That was the title to a great article in Educational Leadership (May 2010). In it Catherine Huber describes how educators usually share info in schools to promote professional learning. She paints three scenarios.
Let’s start with scenario 1: The author writes, “The principal finds a great article or book. She creates a routing slip to circulate the information among a select group — or, on a highly ambitious day, among the entire staff. The resource typically ends up either in someone’s take-home bag mixed among papers to correct or in a to-do pile, one of many around the room.”
This happened recently, and my quiet attempts to bring it up (I’ve blogged about this book, brought it up at meetings, and asked to include a discussion about it on an agenda), were to no avail. Time to give up, I suppose. But I want that discussion. I want to “search and find, to fail and learn, to risk and succeed in a changing world.” (part of my school’s values statement). I don’t want to let this go. I’m not sure what to do? School tend to have this culture of ‘niceness’ (or not being direct). Those who are direct are seen as complainers or ‘too vocal.’ I don’t want to seem either, so I ask again, what to do? How does one change this culture? It’s time. Maybe this is a failure and I just have to figure out what I’ve learned. No big deal – moving on to the next scenario.
Scenario 2 paints a scene of a teacher coming back from a great conference talking about it to their colleagues at lunch, but it is all forgotten by the time everyone returns to their classrooms.
And scenario 3: She continues,
“The instructional leadership team meets in the spring to plan professional learning for the upcoming school year. The team plans eight faculty meetings on the basis of what is currently happening in the school. But when the new school year starts, emerging issues in the building throw the plan off schedule, and administrativa, such as compliance training become the new required elements. Just like last year, the plan that promised eight house of action-packed professional leaning becomes three and one half hours of polite learning that fails to tackle the really important issues in the school.”
I hope things will change a little this year. And by that, I mean less passive. We can read handouts on our own time. The time we spend together as a faculty should be used efficiently and effectively. Spending 45 minutes listening to announcements is not a productive use of time. I agree, some announcements need to be made to the larger group and all organizations in all fields suffer from this in their meetings, but hopefully we can do better.
The author then discusses the following false assumptions:
- Passing information on is enough – true – I passed this article to a small group – crickets – what do I need to do to follow up?

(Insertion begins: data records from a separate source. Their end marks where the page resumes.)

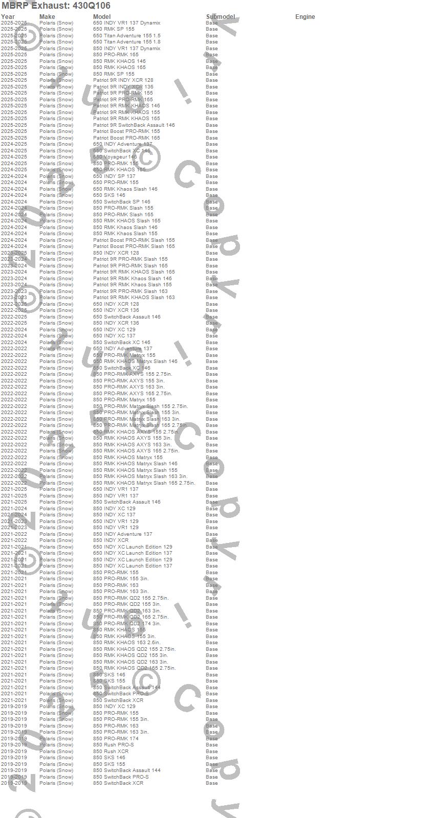 650 INDY Adventure 137, 650 INDY VR1 129, 650 INDY VR1 137, 650 INDY VR1 137 Dynamix, 650 INDY XC 129, 650 INDY XC 137, 650 INDY XC Launch Edition 129, 650 INDY XC Launch Edition 137, 650 INDY XCR 128, 650 INDY XCR 129, 650 INDY XCR 136, 650 INDY XCR 137, 650 PRO-RMK Matryx 155, 650 RMK Khaos Slash 146, 650 SwitchBack Assault 146, 650 SwitchBack XC 146, 850 INDY Adventure 137, 850 INDY VR1 129, 850 INDY VR1 137, 850 INDY VR1 137 Dynamix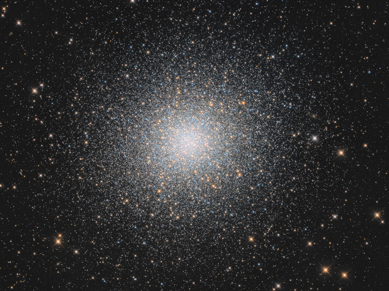 M13 — шаровое звёздное скопление в созвездии Геркулеса, это одно из самых ярких шаровых звездных скоплений на северном небе. (Фото Serge Brunier, Jean-François Bax, David Vernet OCA/C2PU):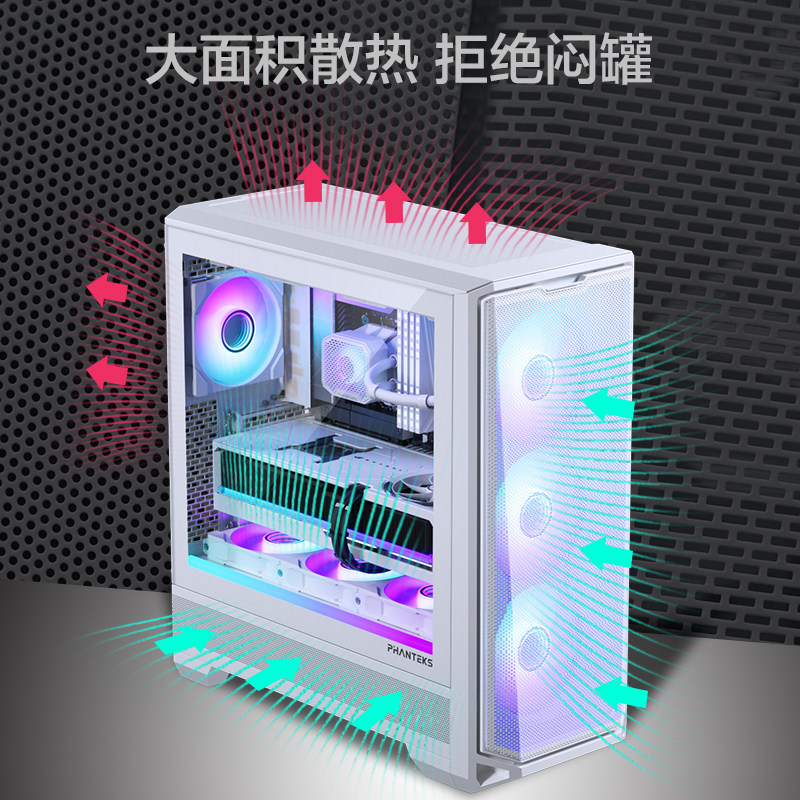 PHANTEKS追风者G400A白中塔ATX台式机TypeC配4风扇电脑玻璃机箱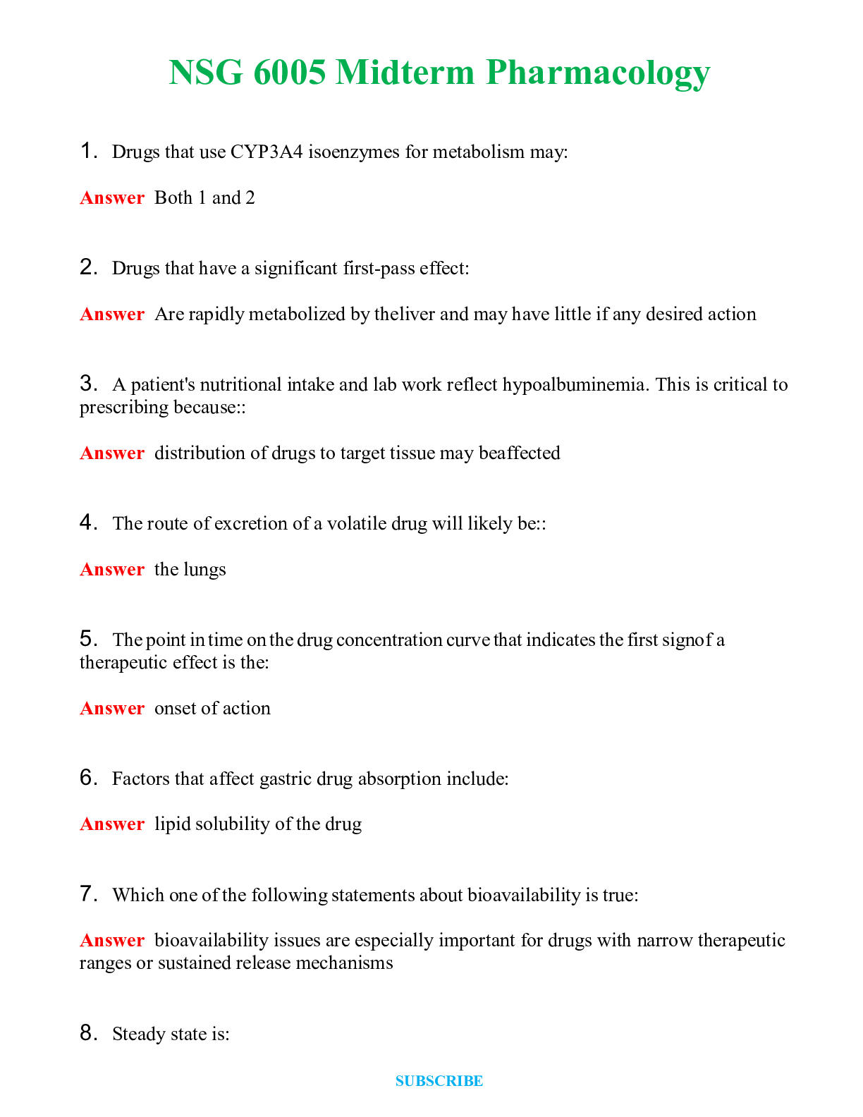 *NURSING > EXAM > NSG 6005 Midterm Pharmacology Questions and Verified Answers (All)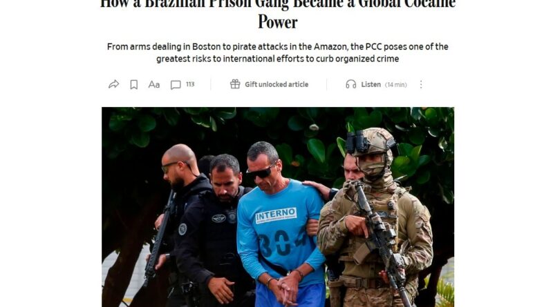 Reportagem do jornal ‘The Wall Street Journal’ destaca atuação da facção criminosa PCC.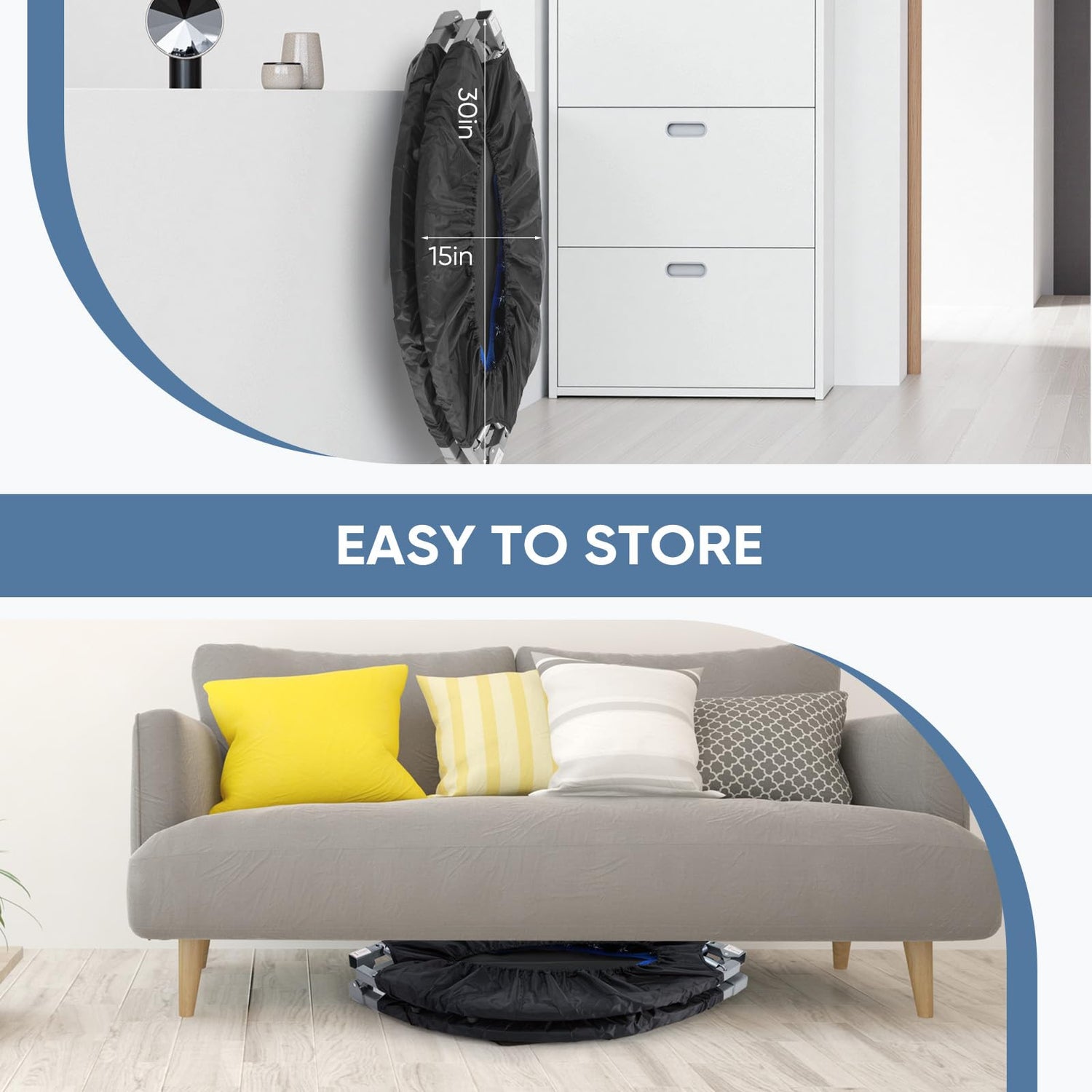 - Fitness Trampoline: Mini fitness trampoline has a sturdy metal frame and highly elastic springs to provide a comfortable bouncing experience. You can do aerobic exercise on the indoor fitness trampoline, jumping for 10 minutes is equivalent to jogging for 1 hour, in order to achieve the fitness effect of exercising cardio function and burning fat
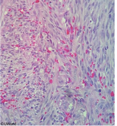 nuclear pleomorphism: some nucleus big, some small, dark blue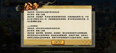 首先,咱们得聊聊这个月的全新挑战。据可靠消息,官方将在8月推出一系列全新的挑战任务,这些任务不仅考验你的忍术,还考验你的智慧。听说,完成这些挑战后,你还能获得独一无二的奖励哦!是不是已经迫不及待想要挑战一下了呢?
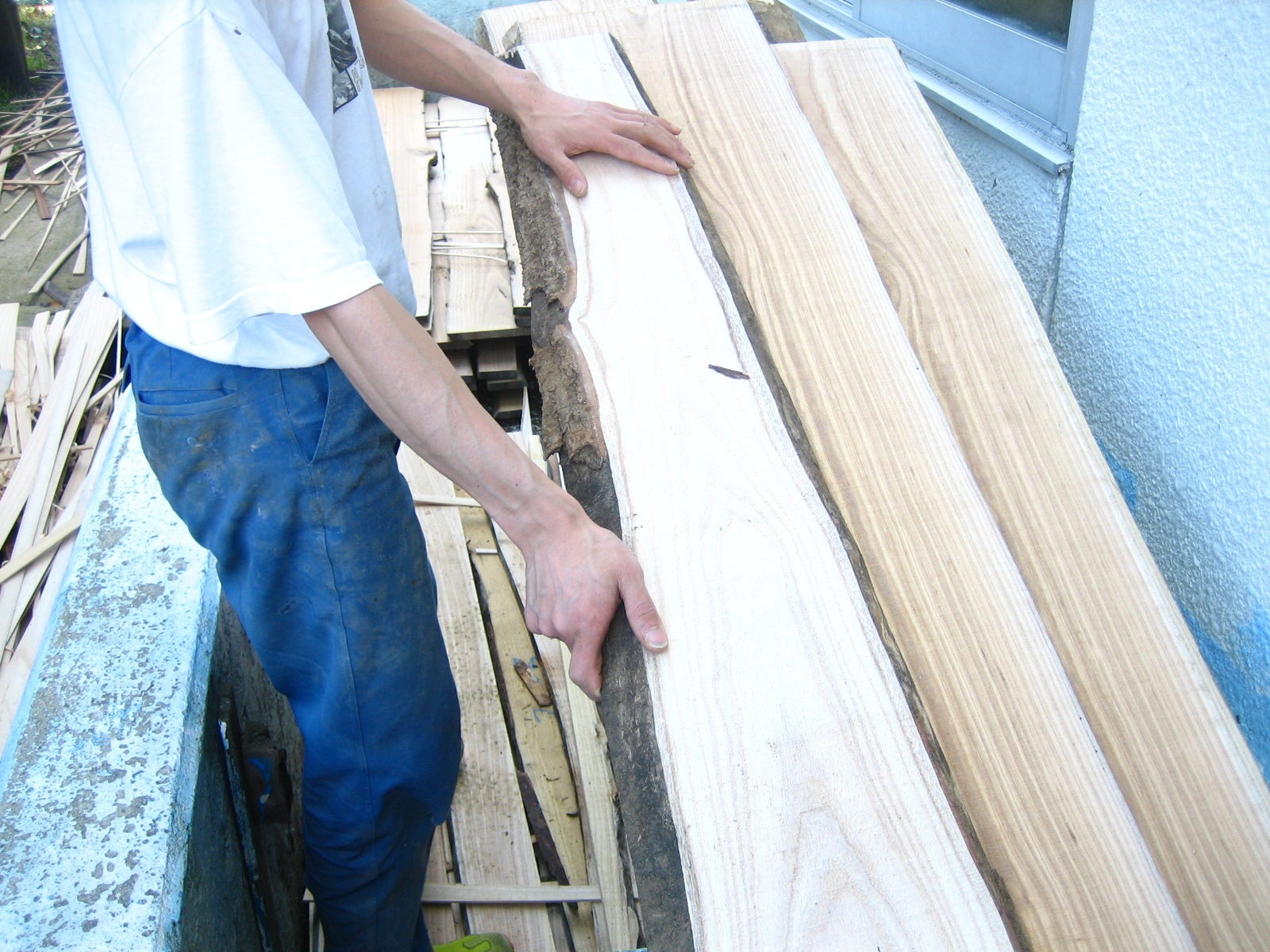 工場の屋上で一年ほど天日干しをします。

- Insight must come from outside.
- Planning means learning. (I posted about that here from the book Transforming Professional Development).
Huber suggests 3 ways to update the approach. “Web 2.0 technologies can help schools create the structures necessary for sustained, complex, and meaningful professional learning.”
Structure 1: Share access to information – stop simply consuming information – do that, but also create and share it.
Structure 2: Look inward for insight (I will certainly be looking at our gardening experts for insight regarding our new school garden – showing up in M’s garden isn’t going to cut it anymore)
Structure 3: Protect learning time – much of our learning can be done on our own before hand saving valuable time when we meet to actually debate and discuss.
Here are some suggestions of those technologies: Moodle, Wiki, Twitter, Blog, Ning, Jing, RSS feeds, and forums. Huber says, “What is uniquely powerful about forums is the ongoing nature of the conversations.”
We cannot have these conversations in a ‘culture of niceness.’ But if you are one of few who are vocal, do you put yourself in an awkward position? According to Seth Godin’s book Linchpin: Are You Indispensable? (I’ll post about it soon), you need to be vocal in order to be indispensable (being a linchipin requires emotional labor) or you’re just a cog in that niceness machine. At the same time, though, you cannot alienate people.
Maybe you can. Perhaps I should take the advice of Hugh MacLeod’s book I read over the summer, Ignore Everybody: and 39 Other Keys to Creativity (I should post about this book too – it’s short, fun, and provocative). And in a recent MetLife Survey, “Increased teacher collaboration has the potential to improve school climate and teacher career satisfaction.”
Anyway, I thank all who read this blog, comment (either on here or to me personally), and engage in great discussions. I’d probably say my current level is at about Web 1.2 and this is blog is helping me move towards 2.0.